2. ICR Considerations

ICR reading rates are still only marginally cost-justifiable, and so every consideration should be taken to provide for the best possible read rates. We recommend that all ICR customers have their documents test printed (if applicable) so that as many issues as possible are resolved before the site goes live with new documents.

A normal document read rate that would be considered good is probably around 60-70% doing a meter read type application as shown on the example stub. As these read rates are achieved during a batch process, saving the operator from keying 30-40% of the meter readings is a time savings that can be justified. Some stub layouts have already been set up for ICR, so if your application matches a previously set up configuration, it is recommended that you mimic that layout. Here are some of the issues to keep in mind as you design the ICR portion of your stub:

  • Character box shading: The location of the handwriting needs to be consistent for proper recognition. To ensure that the data is consistently placed, shaded boxes are provided. The shading should be done using "no-repro" blue or green "drop-out" ink, which will cause the shaded box to be invisible to the image camera. They should also not be printed solid, but be printed at a 100 and 50 screen. This will help keep an over-sensitive camera from seeing the ink even if it is within specifications.

  • Location of the ICR boxes: The boxes should have a clear band around them of at least 1/8th inch. The clearer the area surrounding the boxes, the better the chance of reading handwriting. The boxes often are not filled in properly, and if the handwriting strays out of the box, it can still be read if the area around it is the clear. The example we have above does not follow these rule for the "Amount Enclosed" text printed above the ICR boxes, and the read rates have suffered slightly because of this.

  • Spacing and Size: The boxes should be 2/10th of an inch square. The spacing between the boxes should be 1/10th inch.

  • ICR-Related Data: There are some times when the information filled in the ICR field will not be valid. In these cases, it is helpful to add some data to the OCR line to indicate that ICR is not to be performed. In the cases where the ICR data is a meter reading (as is the case above), the bill may be of a special type, where a meter reading is not desired, though the shaded boxes appear on the standard form. The meter reading may not be for the current month, so the billing month could be included on the OCR line for verification. These special cases should be considered while creating the bill so that the OCR line can be designed to include special (numeric) flags that will assist in getting the best performance possible.

  • ICR instructions: Information should be included somewhere on the bill on the importance of properly filling in the ICR boxes. An example of properly filled in boxes would also be helpful.

3. ICR Registration Mark

  • Importance of registration mark: When performing the ICR process, the software needs accurate alignment of the ICR boxes to find and interpret the handwriting properly. To provide the best possible read rates, a registration mark printed in black ink should be provided in perfect registration with the ICR box shading. Without this registration mark, the ICR process will suffer a large read rate decline. A loss of 20-30% could occur.

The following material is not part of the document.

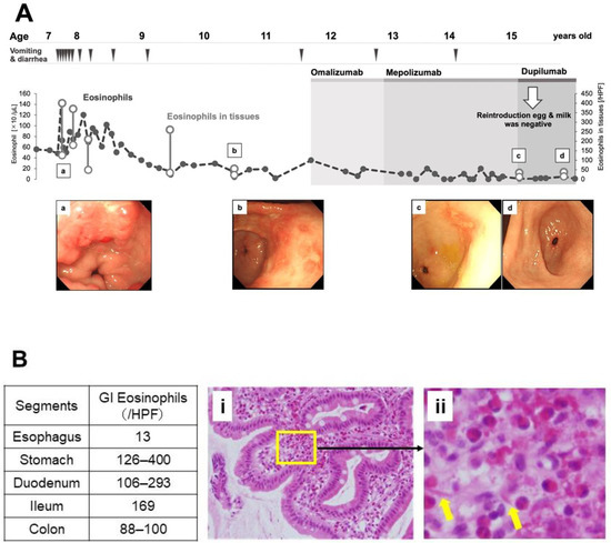In our case, dupilumab administration led to the acquisition of tolerance to foods responsible for non-EoE EGID. A 15 year-old girl presented with frequent diarrhea and vomiting at the age of 7 years and was diagnosed with non-EoE EGID, including EoG, EoD, and EoC based on GI endoscopy (Figure 2A,B). Non-EoE EGID was associated with protein-losing enteropathy. Hen’s eggs and cow’s milk consumed daily in school lunches were determined as causative foods and were subsequently removed; this elimination improved the symptoms and intense peripheral blood eosinophilia, but severe GI eosinophilia persisted. Of note, GI eosinophil counts were high, even when we assessed the tissue eosinophil count using recent criteria for non-EoE EGID in consideration of eosinophils physiologically present in the GI tract [5,26]; additional foods were eliminated empirically, and resulted in additional improvements. In the food reintroduction process, cow’s milk was found to be the cause. The patient maintained symptomatic remission of non-EoE EGID by avoiding possible offending foods. At the age of 11 years, she began taking omalizumab for poorly controlled asthma; however, owing to the inadequate response, her medication was switched to mepolizumab at the age of 12 years. Two years later, her asthma symptoms worsened, and she was started on dupilumab when she was 15 years old. Both the asthma and its symptoms improved, and an oral reintroduction confirmed that the patient had developed tolerance to hen’s eggs and cow’s milk (Figure 2A). The successful reintroduction seemed to be due to the effect of dupilumab, since she had occasionally presented symptoms after accidental consumption of cow’s milk or hen’s eggs during omalizumab and mepolizumab treatments. Anti-immunoglobulin E (IgE) antibodies and the suppression of the interleukin (IL)-5 signaling pathway improved the endoscopic findings and chronic digestive symptoms of non-EoE EGID; nevertheless, acute and subacute symptoms had occurred due to ingestion of the causative foods, meaning that the improvements were not clinically sufficient, and suppression of the IL-4/IL-13 signaling pathways led to the acquisition of tolerance to the causative foods.

  • Type of mark: The registration mark should be a crossbar made of a vertical and horizontal line, or a corner (as the example above uses). This allows horizontal and vertical adjustment to be done of the image in the digital realm before processing the handwriting. The line should be of medium thickness, enough to provide a clear black line when imaged. Since we generally image documents at 200 DPI, the thickness should be probably about 5-8 pixels wide, making it about .025 to .040 inch wide. Outward from the corner of intersection of these lines, there should be no other printed information for at least 3/8th inch.

  • Preprinted Forms: When using drop out ink, a preprinted form is often used to eliminate the need for a two color laser production printer. When the document is pre-printed with the ICR boxes and customer logo, etc. the registration mark should be also be printed in black ink with careful attention to the registration of the print of each color. It is critical to keep the relative position of the ICR boxes to the registration mark perfectly consistent.

  • Multiple Registration Marks: There are times when it can be helpful to provide more than one registration mark. When this is done, usually two marks are made – one each at opposite corners of the area where ICR is being performed. This allows the software to provide scaling and rotational correction of the image. In the current line of transports supported by Flex, this is not a large concern, as scanning is nearly always a flat and level operation, and the image pixel density is relatively constant. Scaling would not be a concern. If the installer sees a scanning product in the future for their customer that may provide a less reliable image and may need these types of correction, plan up-front for registration marks at the top-left and bottom-right (or similar) so that we are ready to implement the new hardware down the road with little or no changes to the customer’s document(s).